2. Terms of the Loan
In terms of the Loan Agreement, the Consortium will advance a loan of R25 million (the “Loan Amount”) to Purple
Group. The Loan bears interest at 11.5% (NACM), with 30% of monthly accrued interest being cash paid monthly in
arrears and the remainder being capitalised. The Loan Amount plus capitalised interest (“Loan Outstandings”) are
repayable on 31 August 2021.
The Consortium has been granted an option to convert the Loan Outstanding into Purple Group shares at any time on
or before 31 August 2021, at a price per share of 22.87 cents, which represents a 10% discount to the 30 day weighted
average traded price of Purple Group shares for the 30 business days preceding 28 August 2018, being the date that
the conversion option was agreed (“Option”). In the event that the Consortium elects to exercise the Option on 31
August 2021, the number of Purple Group ordinary shares that will be issued to the Consortium would total 138 835 528
shares (“Option Shares”), representing 12.9% of the issued capital of Purple Group, post the exercising of the option.
Application will be made by the Company to the JSE for the listing of the Option Shares upon exercise, if applicable.
The Option Shares which may have to be issued upon the exercise of the conversion rights under the loan will be issued
under the general authority which was granted to the Directors pursuant to an ordinary resolution of the Shareholders
passed at the AGM. The consortium is considered public shareholders in terms of the listings requirements.
There are no conditions precedent to the transaction.
The Rationale for the above transaction detailed in this announcement was to raise longer term funding to settle
amounts currently due and payable in respect of the liability owed to the Industrial Development Corporation (“IDC”),
as disclosed in our Annual Financial Statements for the year ended 31 August 2017 and Interim results for the 6 months
ended 28 February 2018. Furthermore, the transaction replaces the current IDC repayment profile with a cash
repayment profile that aligns with the cash generation envisaged for Purple Group over the term of the loan.
At the same time Purple Group has taken the opportunity to introduce a structure that will (if the option is elected)
result in a sizeable shareholding in Purple Group being held by an active black empowered shareholder who is
passionate about the future of the business.
4. Financial effects of the loan
The table below sets out the pro forma financial effects of the Convertible Loan on the loss, headline loss, net asset
value and net tangible asset value per share.

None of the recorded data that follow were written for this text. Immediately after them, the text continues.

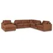 Includes 8 modular pieces: left-arm facing corner chaise, 2 audio consoles with storage, wedge, 3 armless chairs and right-arm facing corner chair "Left-arm" and "right-arm" describe the position of the arm when you face the piece Modular pieces can float anywhere; sides are finished (with no connectors) Corner-blocked frame; loose reversible seat and back cushions; high-quality foam cushions wrapped in poly fiber Throw pillows included; soft polyfill Polyester upholstery Next-Gen Nuvella™ is a family-friendly fabric that is soft, easy to clean, stain-resistant and durable; easy-to-remove zippered covers for machine washing Clean fabric with mild soap and water, let air dry; for stubborn stains, use a solution of 4 oz. bleach to 28 oz. water Non-skid legs Console with removable plexiglass top; pull-out drawer for storage; built-in audio sound system with wireless connectivity; audio controls located on console; USB charging Power cord included; UL Listed Platform foundation system resists sagging 3x better than spring system after 20,000 testing cycles by providing more even support Smooth platform foundation maintains tight, wrinkle-free look without dips or sags that can occur over time with sinuous spring foundations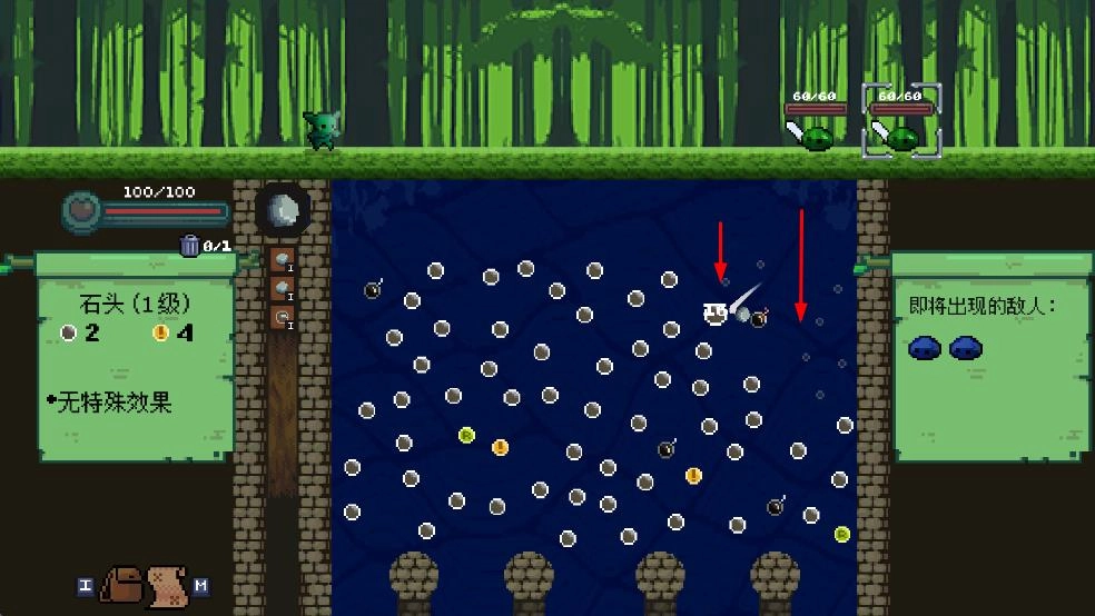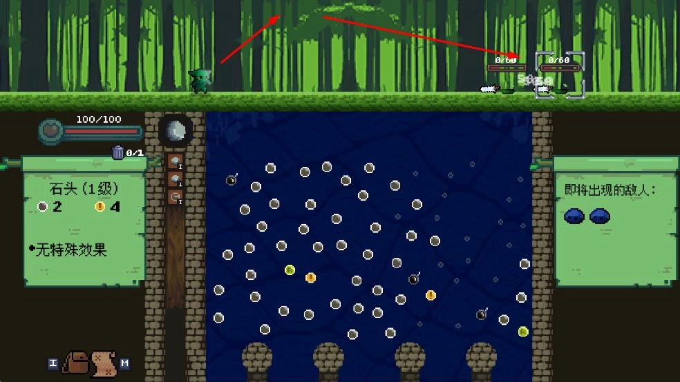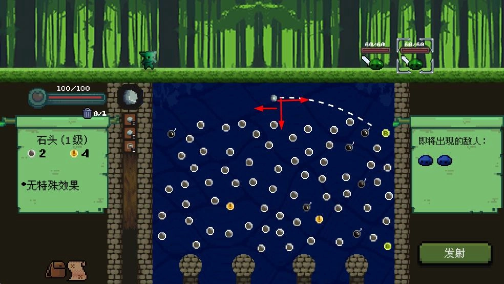 1、选武器如石头1级,调发射角度瞄准敌人区,点发射让弹珠弹跳攻击。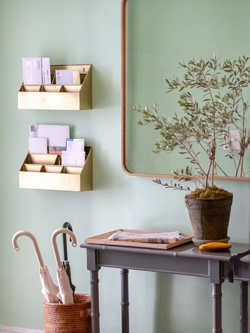 From a practical standpoint, we needed to be able to sort mail, but our previous organizer took up way too much tabletop space. In lieu of a catchall container, I switched things up with two brass holders from Anthropologie that hang on the wall. They take up less room and have multiple compartments that make separating bills from grocery shopping lists a breeze.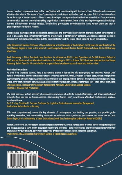 'Lean' in this title refers to operations management, the Toyota Production System, and its derivatives. The book is a companion volume to The Lean Toolbox which focused on operational tools and techniques whereas this book is focused on the essential human aspects of Lean transformation. The book is a sourcebook for practitioners and managers covering a wide range of concepts, providing sufficient information to grasp the essentials of each topic and giving leads to further reading. The Chapters include Antecedents and myths, Established Lean people practices, Eight models of people at work, Systems aspects, Psychology aspects, Engagement, Problems, Decisions, Learning, Leadership, Teams, Organisations, Ergonomics. The work of more than 150 authorities from operations, psychology, systems, and change are drawn on to give a comprehensive overview. The authors' extensive knowledge and experience complement each section. As with The Lean Toolbox, the text is concise, written for busy managers who seek both a guide and a quick reference.
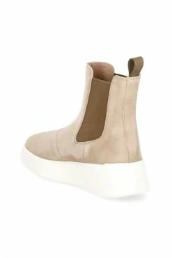 Hogan Boots Brown – Brown Hogan Suede Leather Chelsea Boots For Woman – Round Toe – Tech Fabric Inserts at Ankle – Gros Grain Detail bij Upper Heel – Interne traagschuim Fussbet – verhoogde rubberzol (4 cm)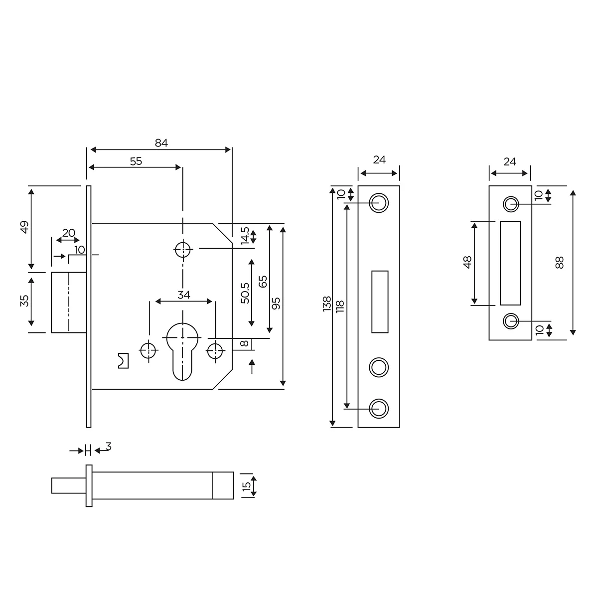 Material: Stainless Steel Grade: SUS 304 Finish: Satin Stainless Steel Backset Size: 55 mm Forend Plate Type: Square 2-Turn Dead Bolt Suitable For Wooden, Metal & Swing Doors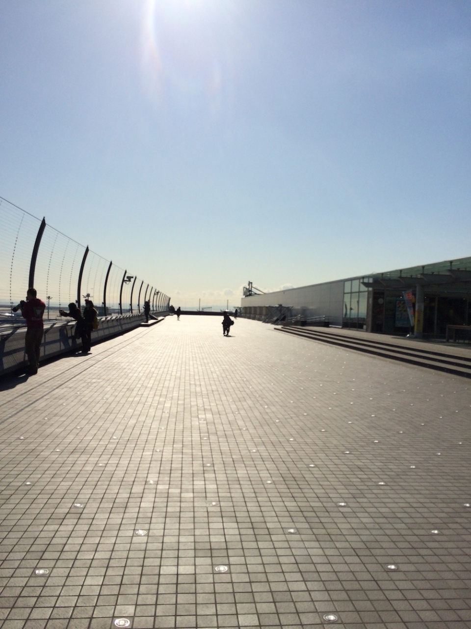 全日空サイドの展望台です。網目にはところどころ撮影用の穴も開いていますし、iPhoneでも写真はとりやすい構造になっています。また、ガリバーズデッキよりもこちらのほうが開放感もありますし、なぜか空いています。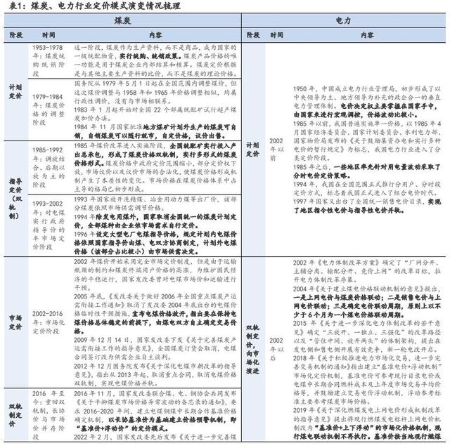 煤電矛盾的本質(zhì)是煤、電定價(jià)機(jī)制市場(chǎng)化程度不同。煤炭定價(jià)方面,2016 年以前我國煤炭?jī)r(jià)格經(jīng)歷了計(jì)劃價(jià)格、指導(dǎo)價(jià)格、市場(chǎng)價(jià)格等多種定價(jià)機(jī)制。2016 年末國家發(fā)改委聯(lián)合煤、電、鋼協(xié)會(huì)共同發(fā)布《關(guān)于平抑煤炭市場(chǎng)價(jià)格異常波動(dòng)的備忘錄的通知》,要求 2016-2020 年間,建立電煤鋼煤中長(zhǎng)期合作基準(zhǔn)價(jià)格確定機(jī)制,以長(zhǎng)協(xié)基準(zhǔn)價(jià)為基礎(chǔ)建立價(jià)格預(yù)警機(jī)制,即“基準(zhǔn)價(jià)+浮動(dòng)價(jià)”的定價(jià)模式。電力定價(jià)方面,2015 年國家開啟電力定價(jià)機(jī)制市場(chǎng)化改革,2020 年取消“煤電聯(lián)動(dòng)”機(jī)制,同時(shí)將燃煤發(fā)電標(biāo)桿上網(wǎng)電價(jià)機(jī)制改為“基準(zhǔn)價(jià)+上下浮動(dòng)”的市場(chǎng)化價(jià)格機(jī)制,基準(zhǔn)價(jià)格設(shè)定權(quán)下放至地方政府,浮動(dòng)幅度由電力用戶等市場(chǎng)主體協(xié)商決定。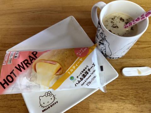 朝は、ファミマのトルティーヤ(ハム&濃厚チーズ)、コーヒーでした。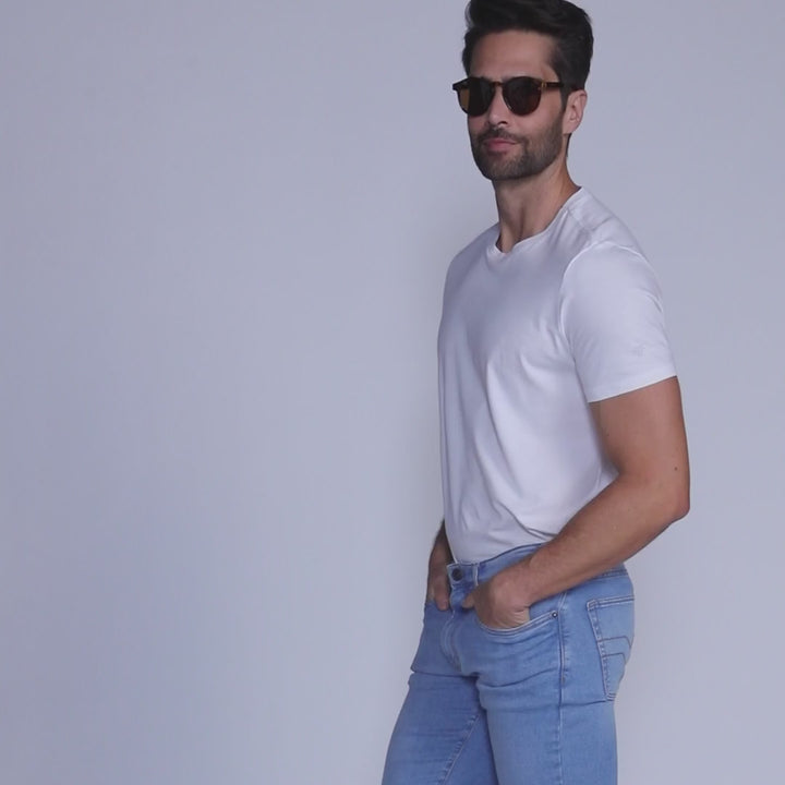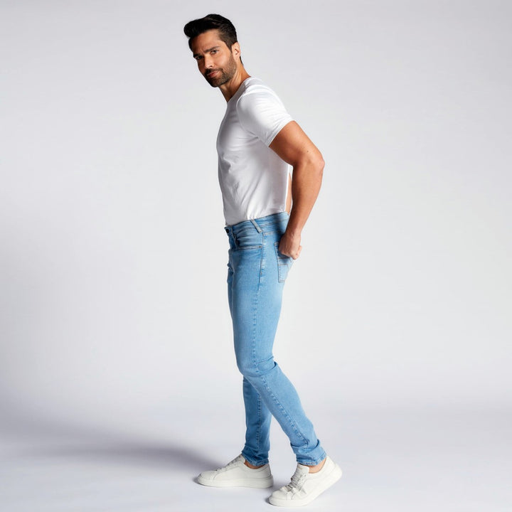 Com corte skinny mais ajustado ao corpo, esta calça jeans masculina premium possui cintura média com corte anatômico nas costas e leve curvatura para melhor ajuste à cintura. O tecido com elastano oferece leve elasticidade, proporcionando liberdade de movimentos, toque macio e encorpado. Possui a frase “Vá cuidar da sua vida” estampada na parte interna da cintura.

The pro forma financial effects have been calculated on Purple Group’s
results for the six months ended 28 February 2018. The pro forma financial effects are provided for illustrative purposes
only and because of their nature they may not give a fair reflection of Purple Group’s financial position, changes in
equity, results of operations or cash flows after the transaction. The pro forma financial effects are the responsibility of
the Company’s directors. The accounting policies as at 31 August 2017 and 28 February 2018 have been used in the
preparation of the financial effects.
Before the Loan (1) After the Loan Percentage (%)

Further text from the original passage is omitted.